To confirm the hypothesis, the research team led by Dr. Paras Minhasconducted a series of experiments. One experiment involved placing a mouse in the middle of a bright white plate under bright light.

“It really wants to get out of there,” Andreasson said. “But it has to learn where the escape route is” by following visual cues.

Healthy rats learned to read those signals after a few days of training and were able to escape almost immediately.

“But in mice with Alzheimer’s, escape route time actually skyrocketed,” says Andreasson.

That changed when the team gave the mice an experimental cancer drug that blocks the enzyme in a similar way to genetic engineering.

The treated mice learned to escape the bright light as quickly as healthy animals. And when they looked at their brains, they found that their astrocytes had woken up and were helping neurons produce the energy needed for memory and thinking.

In the hippocampus, a brain region important for memory and navigation, tests showed the drug restored normal glucose metabolism although Alzheimer’s plaques and tangles remained.

The team also tested human astrocytes and neurons derived from Alzheimer’s patients. And again, the drug restored normal function.

Beyond the plaque and tangles

Experiments add to growing evidence that Alzheimer’s disease involves more than just the appearance of plaques and tangles.

“We can have these metabolic changes in the brain, but they are reversible,” says Macaulay.

Neurons have long been the focus of Alzheimer’s research. But new findings also suggest that other types of cells in the brain may play an important role in the disease.

The brain is like a beehive, where one neuron is the queen, Macaulay says. But it is kept alive by worker bees, like astrocytes, that are called upon to do more as Alzheimer’s changes the brain.

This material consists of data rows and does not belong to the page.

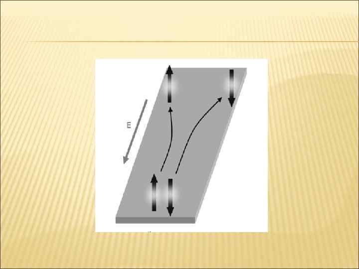На электроны с противоположным спином действуют силы, отклоняющие их в противоположных направлениях, что приводит к накоплению спинов на краях образца в отсутствие внешнего магнитного поля. Спиновый эффект Холла Эффект Холла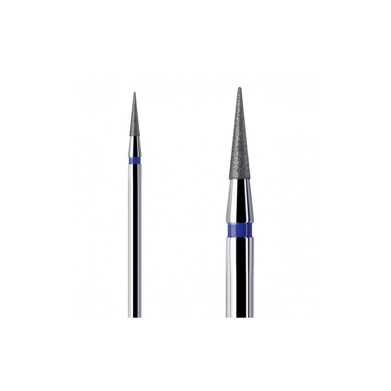Punta fresa professionale bidirezionale per micromotore in acciaio inox con superficie diamantata e forma a punta.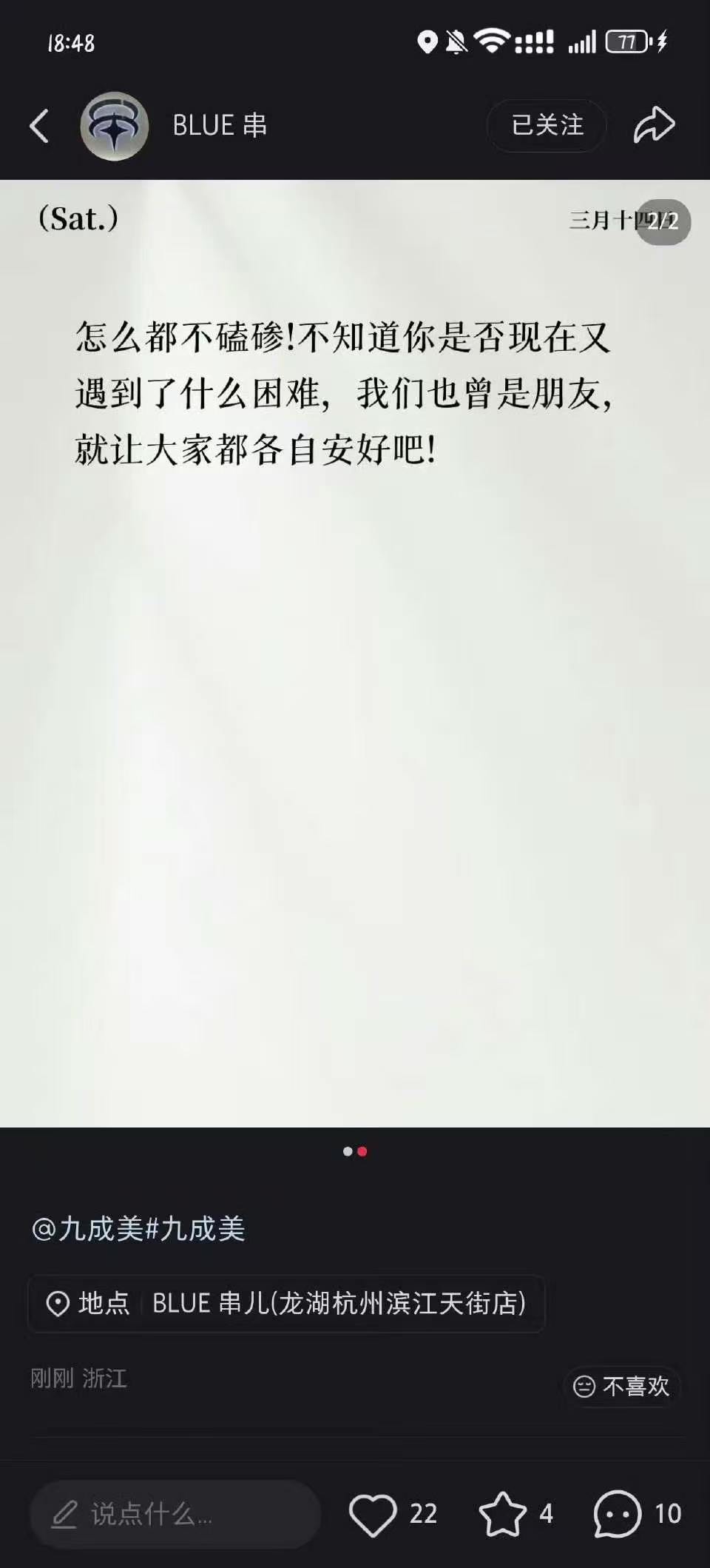 田栩宁朋友喊话九成美田栩宁朋友发声 田栩宁这朋友是不是蠢,粉丝洗了半天说是ai,结果现在出来发声了,喊话九成美各自安好吧……粉丝头像 嫂子拍的
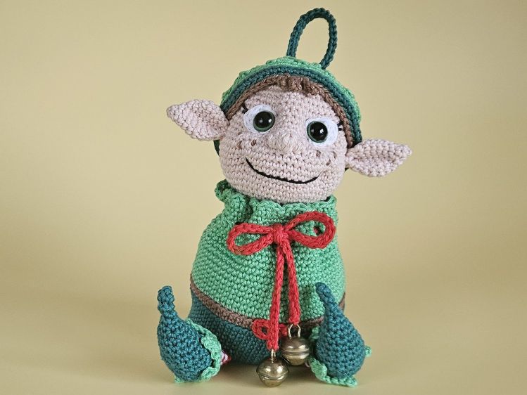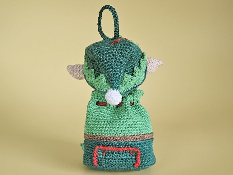 In fröhlichen Grüntönen mit roten und weißen Akzenten ist dieser Elf ein echter Hingucker. Mit seinem breiten Grinsen und den niedlichen Sommersprossen bringt er jeden zum Lächeln. Aus dem Säckchen schauen freche kleine Elfenschuhe hervor, und der Hosenlatz auf der Rückseite macht das Design besonders charmant. Ein rotes Band mit zwei kleinen Glöckchen rundet das Ganze ab.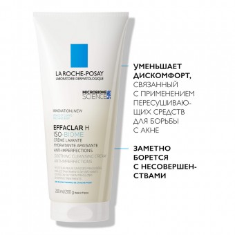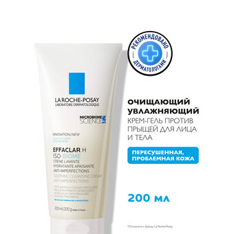 УСПОКАИВАЮЩИЙ ОЧИЩАЮЩИЙ КРЕМ-ГЕЛЬ ПРОТИВ НЕСОВЕРШЕНСТВ ЭФАКЛАР Н Iso-Biome, 200 мл. Для ослабленной кожи лица и тела, склонной к акне. Проблемная кожа, ослабленная и чувствительная в результате использования пересушивающих средств для борьбы с акне. Эксклюзивный активный компонент Aqua Posae Filiformis в средствах La Roche-Posay помогает регулировать микробиом кожи, сохраняя на ее поверхности полезные бактерии.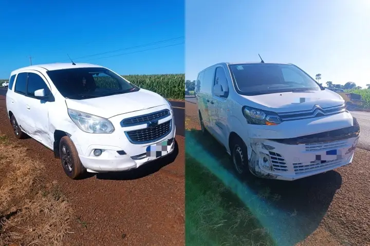 Um furgão Citroën Jumpy com placas de Umuarama se envolveu em uma colisão com outro furgão e um automóvel na PR-323, em Assis Chateaubriand, no início da manhã desta terça-feira (26). De acordo com a Polícia Rodoviária Estadual (PRE), os três veículos colidiram lateralmente.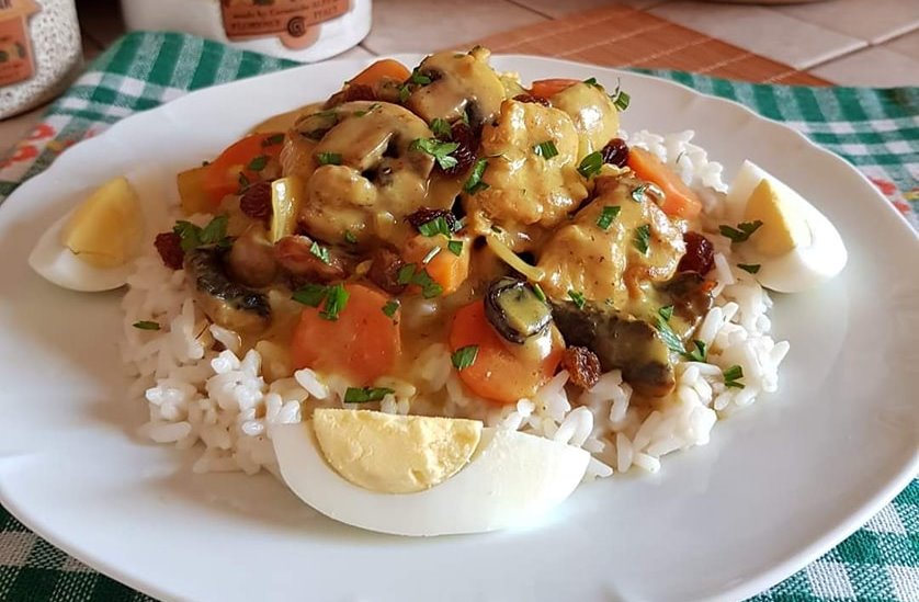 Kοτόπουλο με σάλτσα μανιταριών και κάρυ

“Those worker bees are under an unbelievable burden from all the things they’re being asked to do,” Macaulay said. “When that happens, the whole system doesn’t work well.”

Macauley said metabolic treatments that restore astrocytes and other support cells in the brain could one day enhance the effectiveness of existing Alzheimer’s drugs that clear amyloid plaques.

And the metabolic approach can improve memory and thinking — something amyloid drugs can’t do.

“Maybe this can help your astrocytes and neurons function a little better, so you can function a little better,” says Macaulay.

But first, she said, these promising results will have to be tested in humans.